WHAT IS NEEDED — In the entries that follow, repeat exactly the lines from the one that has "Volle maan in" through the one that has "กางเกงเด็กผู้ชาย Boy Pants", but omit pictures.

Records contained in a dataset —
= = = = =

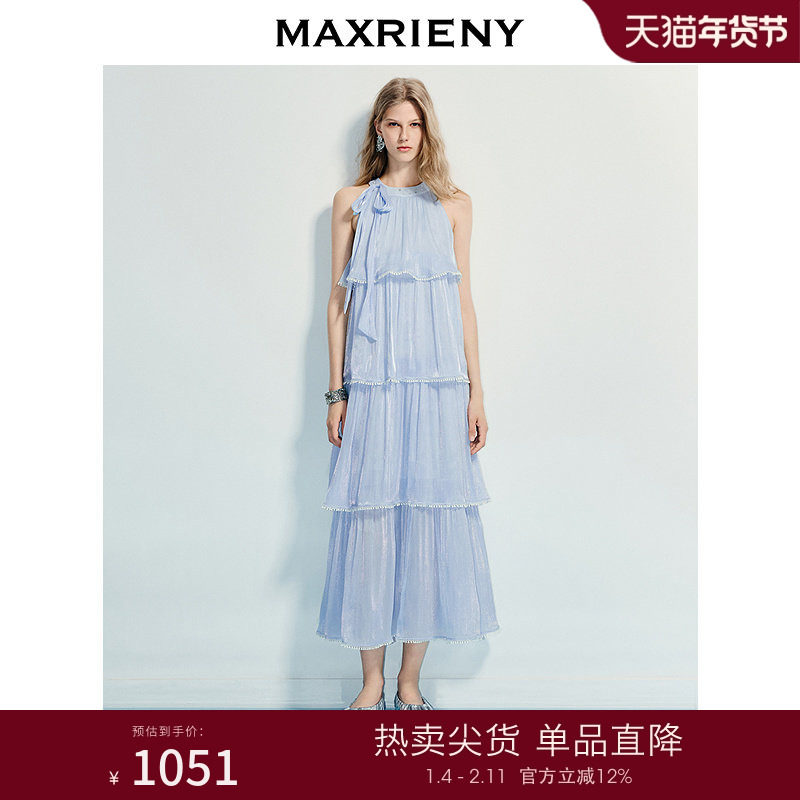 MAXRIENY优雅度假风连衣裙25夏款系带无袖挂脖A型长裙高级气质感
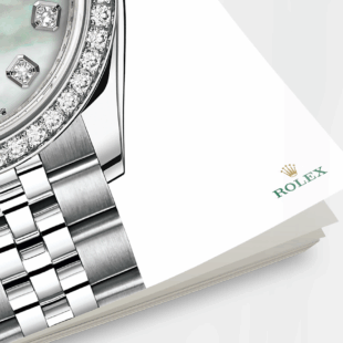 Dial color: White mother-of-pearl dial with a fine sunrays and 10 Diamonds as hour markers framed in 18k White Gold
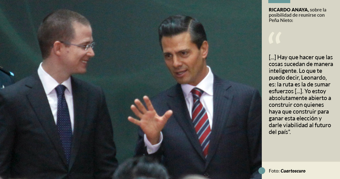 La revista Proceso dio a conocer ayer que, ante miembros del grupo financiero Citibanamex, Anaya manifestó “de manera expresa su disposición a hablar directamente con el Presidente Enrique Peña Nieto para ‘construir’ una alianza que derrote a López Obrador”.
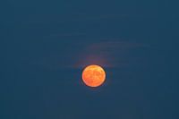 Volle maan in de zomernacht met duidelijk zichtbaar maanoppervlak en wolken die voor de oranje gekleurde maan langs trekken. Geschoten met een lange telelens.
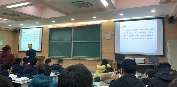 现任长沙市骨干教师、湖南省语文名师工作室首席名师、湖南师范大学文学院硕士研究生导师秦洁老师在分析语文新教材教学策略。
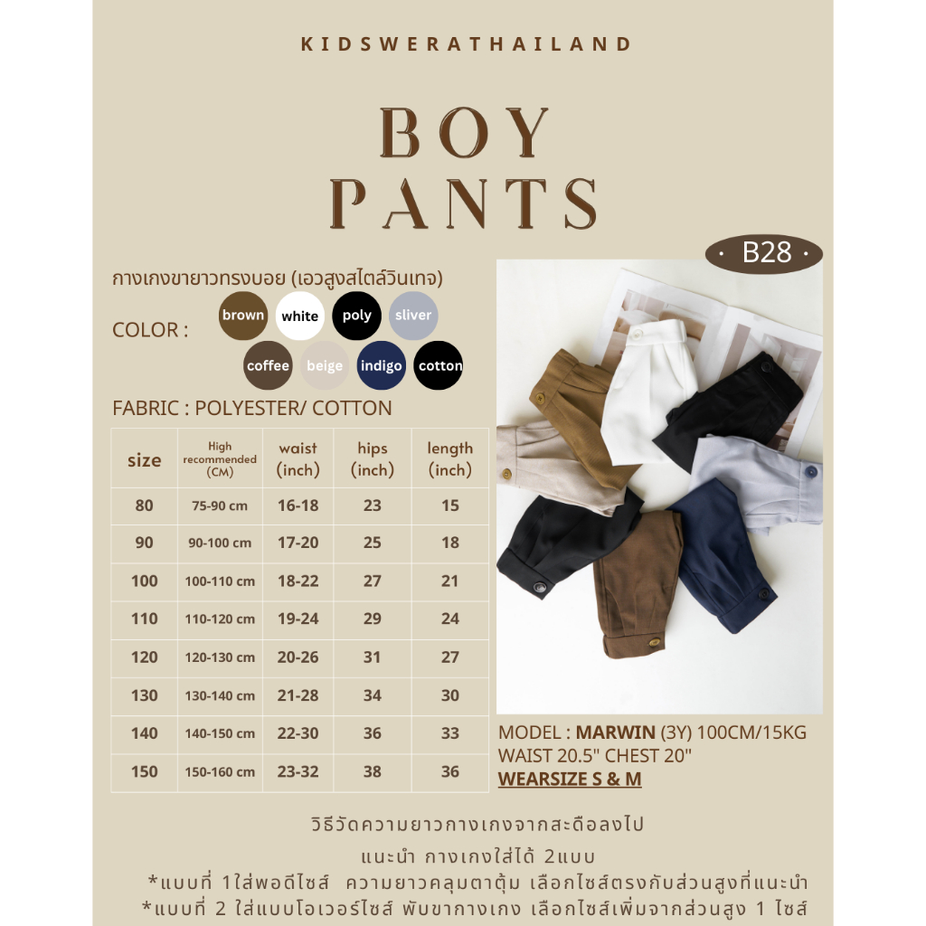 ‼ตรงปกชัวร์‼ 80-150 cm กางเกงขายาวเด็ก กางเกงเด็กเอวสูง ทรงบอย กางเกงเด็กผู้ชาย Boy Pants
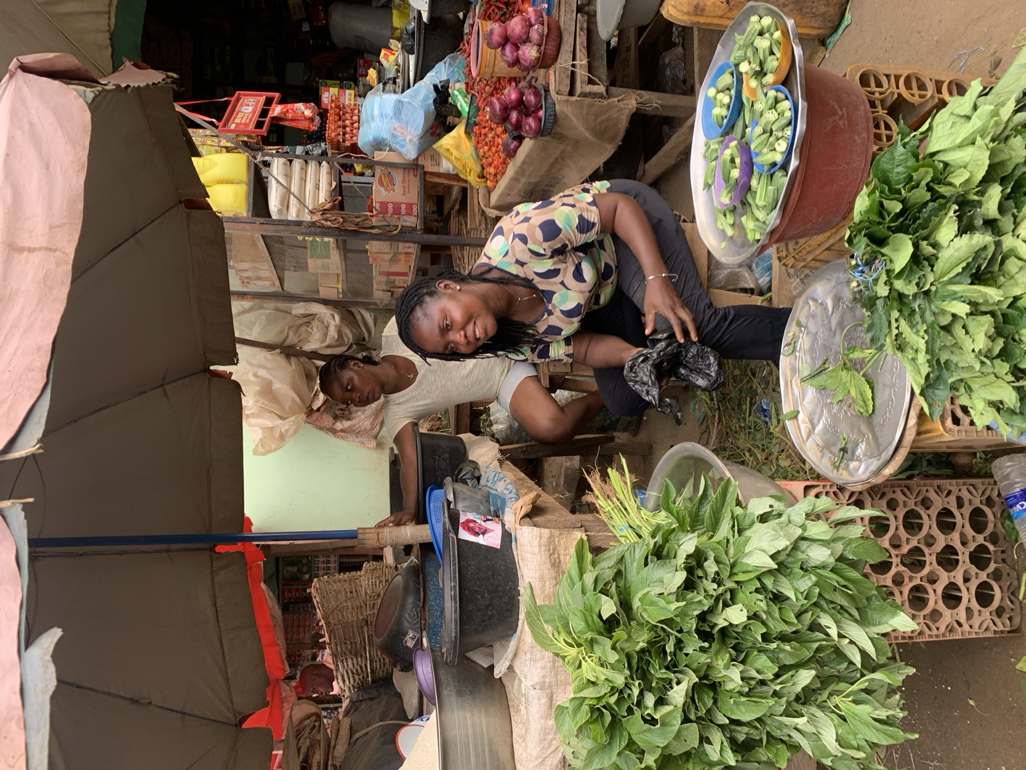This image captures an active market stall in Akwanga, Nigeria. The scene is dominated by two women engaged in vending activities under the shade of a large, worn, brown umbrella. In the foreground, a woman with dark skin and braided hair sits on a low stool, facing slightly left. She wears a patterned short-sleeved top in olive green, blue, brown, and beige, along with dark trousers, a simple necklace, and a wrist bracelet. She is smiling and holds a black plastic bag in her hands, appearing to sort or handle items. Behind her and to the left, a second woman with dark skin and dark hair pulled back is seated on a stool behind a wooden counter. She wears a light-colored, short-sleeved top and light-colored shorts, looking towards the left side of the frame. The market stall features a wooden counter, partially covered with a light-colored fabric. On the left, large bundles of fresh green leafy vegetables are displayed on a brown plastic crate, with additional greens soaking in a silver basin. Further right on the counter are several containers, including a large silver bowl, two black plastic tubs (one bearing a small red and white sticker depicting a face), and a blue plastic sieve. To the right, a red plastic tub supports a large silver tray containing multiple small colorful bowls (purple, blue, orange) filled with chopped okra. Adjacent to this, piles of red onions and red peppers are arranged on the counter. A small, red rectangular sign, partially obscured, hangs overhead. The background reveals a multi-tiered display of various packaged goods, including boxes, sacks of staples like rice or flour, yellow plastic jerry cans, and stacks of egg cartons. A light green wall is visible behind the second woman, suggesting a more permanent structure. The ground appears to be bare earth. A blue metal pole, likely part of the umbrella's support, is visible near the center.
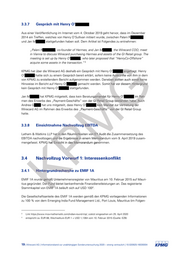 - Am4.Februar2020fandeinzweitesInformationsgesprächzwischenJanM und KPMGstatt.ZieldesGesprächeswardieGewinnungdesVerständnisseszurChronologiedes Projektes„Ring“sowiedessenRahmenbedingungen.InsbesonderewurdendieAuftrags- vergabe,derAblaufunddieBeendigungdesProjektes„Ring“thematisiert. 3.3.5 Gespräche mit Mitarbeitern der Wirecard AG 3.3.5.1 GesprächemitdemHeadofAccounting Am24.Januar2020gabStephan •• derWirecar erWireca E ,HeadofAccountingderWirecardAG,KPMGim RahmeneinesInformationsgesprächsAuskünfteinBezugaufdievomWhistleblowererhobe- dievomWhis dievomWhistle G nenVorwürfe.DiesbetrafinsbesonderedieVorwürfe,inderenZusammenhangStephan erenZusammenhangSt renZusammenhangSt E ■ namentlichdurchdenWhistleblowererwähntwird. . 3.3.5.2 GesprächemitdemLeiterM&A Am3.Dezember2019gabMatthiasH G ,LeiterM&AderWirecardAG,KPMGimRahmen ,LeiterM&AderWirecardAG,KPMGi terM&AderWirecardAG,KPMGi einesInformationsgesprächseinenzeitlichenÜberblicküberdenErwerbdes„Payment- itlichenÜberblicküberdenErwerbdes„P erblicküberdenErwerbdes„P Geschäfts“vonderGIRetailGroupvondemEMIF1A.Am5.Februar2020wurdendievon pvondemEMIF1A.Am5.Februar2020w vondemEMIF1A.Am5.Fe EYFISaufgeführtenFeststellungenimStatusMemorandummitdemLeiterM&Abespro- ngenimStatusMemorandummitdemLei genimStatusMemorandummitde chen. 3.3.5.3 M GesprächmitdemGeneralCounsel hmitdemGeneralCounsel mitdemGeneralCounsel Am4.März2020wurdemitAndreaG 020wurdemitAndreaG ,GeneralCounselderWirecardAG,dieEinbezie- ,GeneralCo ,GeneralC hungderRechtsabteilungindasProjekt„Peacock“undProjekt„Ring“besprochen. RechtsabteilungindasProjekt„Peacock“ echtsabteilungindasProjekt„Peacock“ KP 3.3.6 .3.6 Gespräch ~ 1 mit externem ex Am24.Januar2020fandeinInforma RechtsberaterdesAufsichtsrates Rechtsberater R des Aufsichtsrates Am24.Januar2020fandeinInformationsgesprächzwischendemdamaligenexternen Am24.Januar2020fandeinInform RechtsberaterdesAufsichtsratesderWirecardAG(Gibson,Dunn&CrutcherLLP,München) RechtsberaterdesAufsichtsrat undKPMGstatt.InhaltdesGesprächswardieBeauftragungzuProjekt„Ring“.Indiesem ndKPMGstatt.InhaltdesGe GesprächerläutertederRechtsberaterKPMG,inwieweitdieserseinenMandantendahinge- präche prächerläutertederRe hendberatenhat,welchesOrganderWirecardAGdieSonderuntersuchungzudenim eratenh eratenhat,welch Whistleblower-SchreibenveröffentlichtenVorwürfenbeauftragenundsteuernsollundinwie- wer-Sc wer-Schre weitderdamaligeRechtsberaterüberdieUntersuchungsdurchführungsowiedenweiteren alige Untersuchungsverlaufinformiertwar. WirecardAG|InformationsbandzurunabhängigenSonderuntersuchung2020–strengvertraulich|10.020925-16039304|18
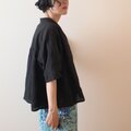 適度な落ち感で、着る度、洗う度に雰囲気の出る天日干しリネンを使用して作成した、5分袖のブラウス。
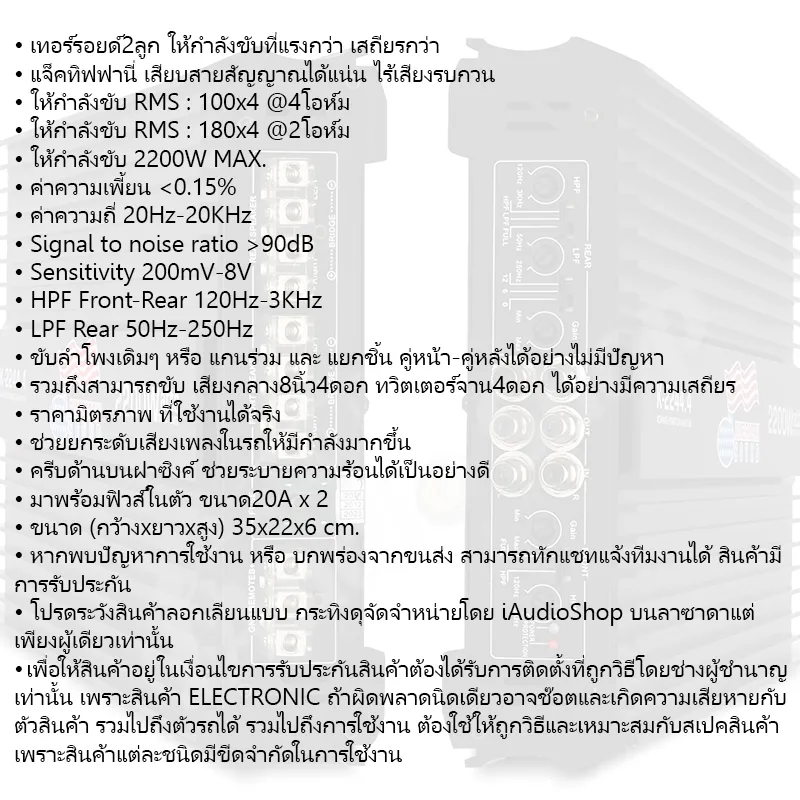 ให้กำลังขับ RMS : 180x4 @2โอห์ม

= = = = =

COMPLETED EXERCISE —
 Volle maan in de zomernacht met duidelijk zichtbaar maanoppervlak en wolken die voor de oranje gekleurde maan langs trekken. Geschoten met een lange telelens.
 现任长沙市骨干教师、湖南省语文名师工作室首席名师、湖南师范大学文学院硕士研究生导师秦洁老师在分析语文新教材教学策略。
 ‼ตรงปกชัวร์‼ 80-150 cm กางเกงขายาวเด็ก กางเกงเด็กเอวสูง ทรงบอย กางเกงเด็กผู้ชาย Boy Pants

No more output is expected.